Screenshot - Index settings

Primary Index

Firebolt tables are persisted in S3 in a proprietary file format called TripleF, aimed to optimize speed and efficiency. One of the unique characteristics of the TripleF format is that it is sorted, compressed, and indexed. What defines the sort order of the files is the primary index defined on the table, which can include one or many fields. Primary indexes are mandatory for fact tables and optional for dimension tables.

Because the primary index determines the physical sort order of the file, it significantly affects performance. For optimal performance, the primary index of fact tables should contain the fields that are most typically filtered or grouped by. This enables most queries to scan physically adjacent data and thus improve query performance. The primary index does not have to be identical to the field/s by which data is partitioned at the source. In dimension tables, the primary key should include the field/s that are used to join the dimension table to the fact table.

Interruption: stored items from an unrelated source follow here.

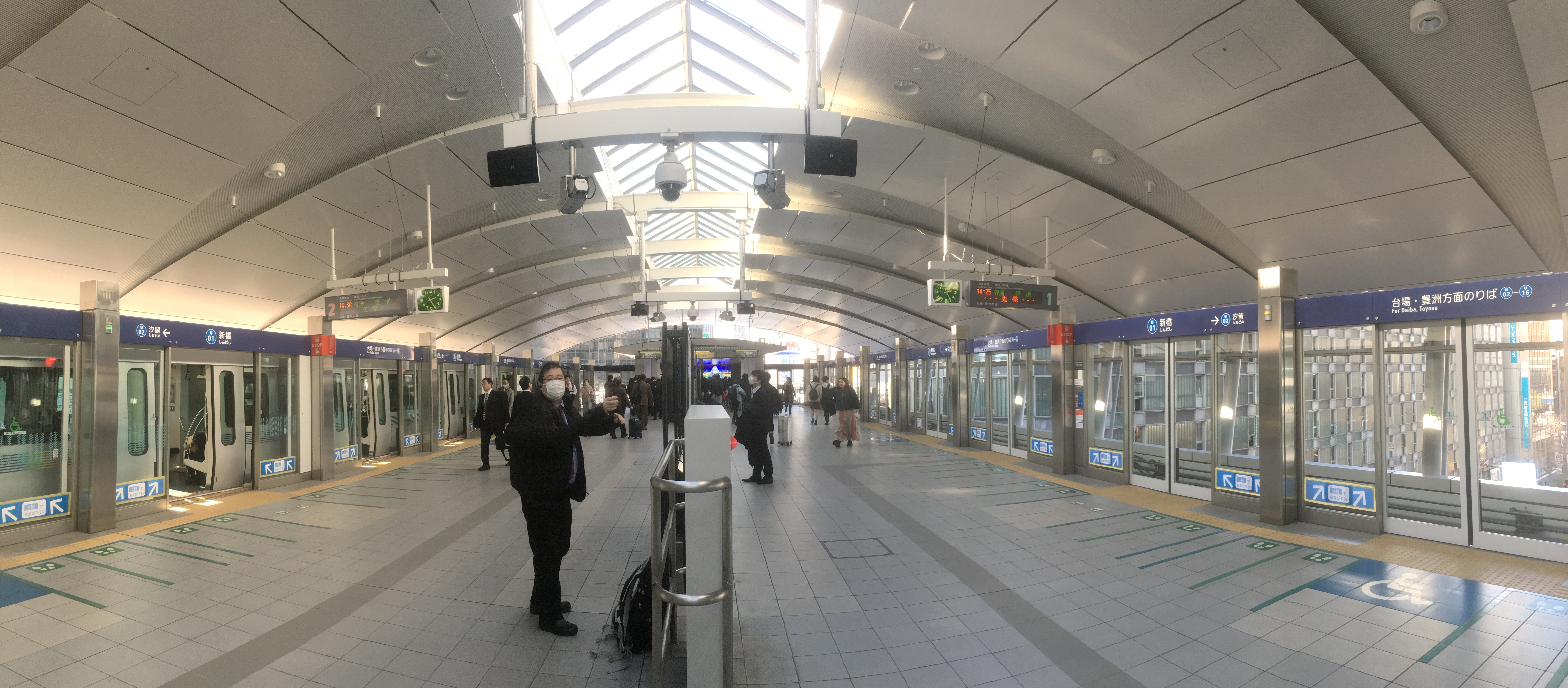 新橋駅のホーム (Shimbashi Station platforms)
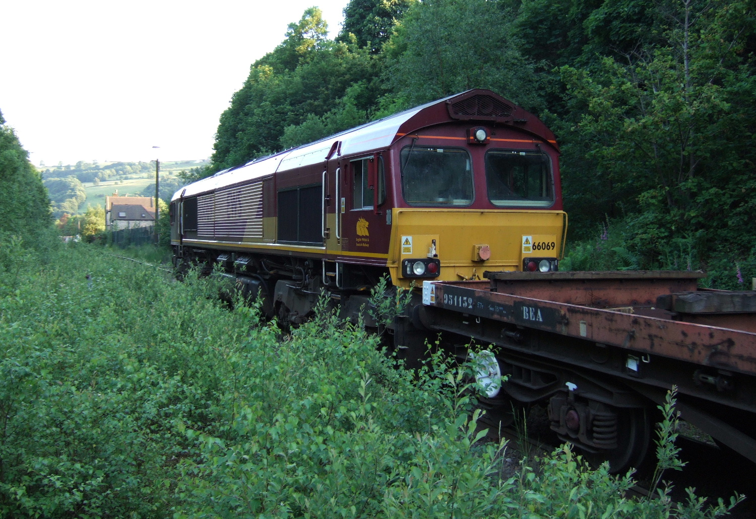 At Deepcar Station on the Woodhead route, EWS 66056 leaves the Stocksbridge Railway and moves onto the Network Rail line to Sheffield. The train is empty steel wagons (BEA, SEA & SPA types) returning from Stocksbridge Steelworks to Aldwarke Steelworks (Rotherham). Both works are owned by Corus. Deepcar Station building can be seen in the middle distance. 20th June 2005. Photographer - Andrew.M.Hurrell Camera - Fuji FinePix F10 Modified - Trimmed and file size reduced using Finepix Software This loco was transported to france in 2007 and is based in paris...SS
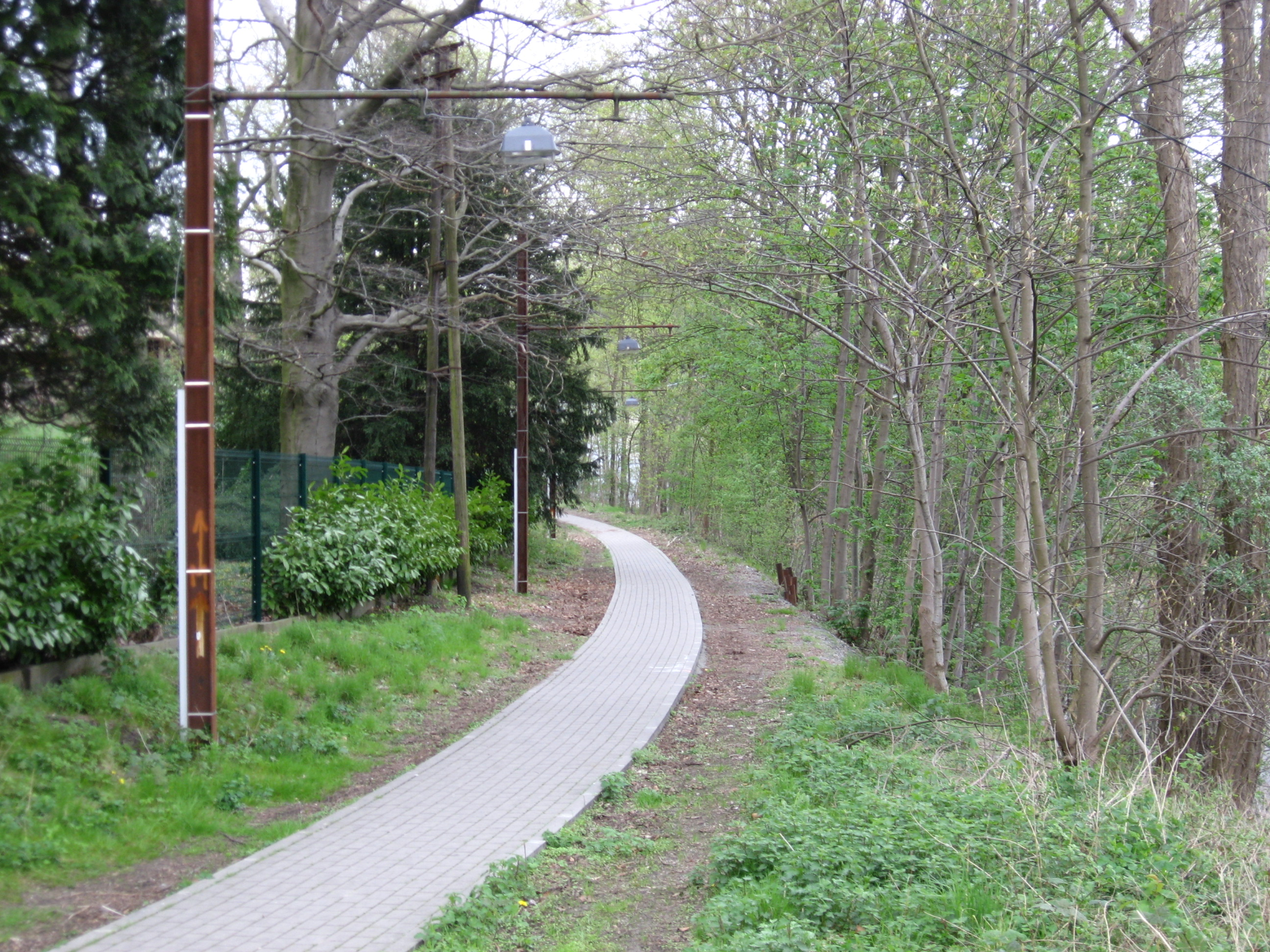 Former vicinal railway line 80 in Morlanwelz converted into a footpath to the railway station. The overhead masts are reused for lighting.

A primary index should not be confused with a primary key in traditional database design. Unlike a primary key, the primary index is not unique.

Join Index

Firebolt supports accelerating your joins by creating join indexes. Queries with joins might be resource-consuming and if not done efficiently - joins can take a significant amount of time to complete, which makes them unusable to the user. Using Firebolt’s join indexing saves time searching data in the disk and loading it into memory. It’s already there, indexed by the required join key, and waits to be queried.

You should consider implementing join indexes as best practice in Firebolt to speed up any query that performs a join with a dimension table. This reduces the additional overhead of performing the join to the minimum with the benefit of fast query response times while keeping your cloud bill low.

Aggregation Index

Firebolt incorporates many building blocks to guarantee fast query response times. One of these building blocks is a type of index called an aggregating index. The aggregating index enables you to take a subset of a table’s columns and configure aggregations on top of those columns. Many aggregations are supported from the simple sum, max, min to more complex ones such as count and count (distinct). The index is automatically updated and aggregating as new data streams into the table without having to scan the entire table every time since the index is stateful and consistent.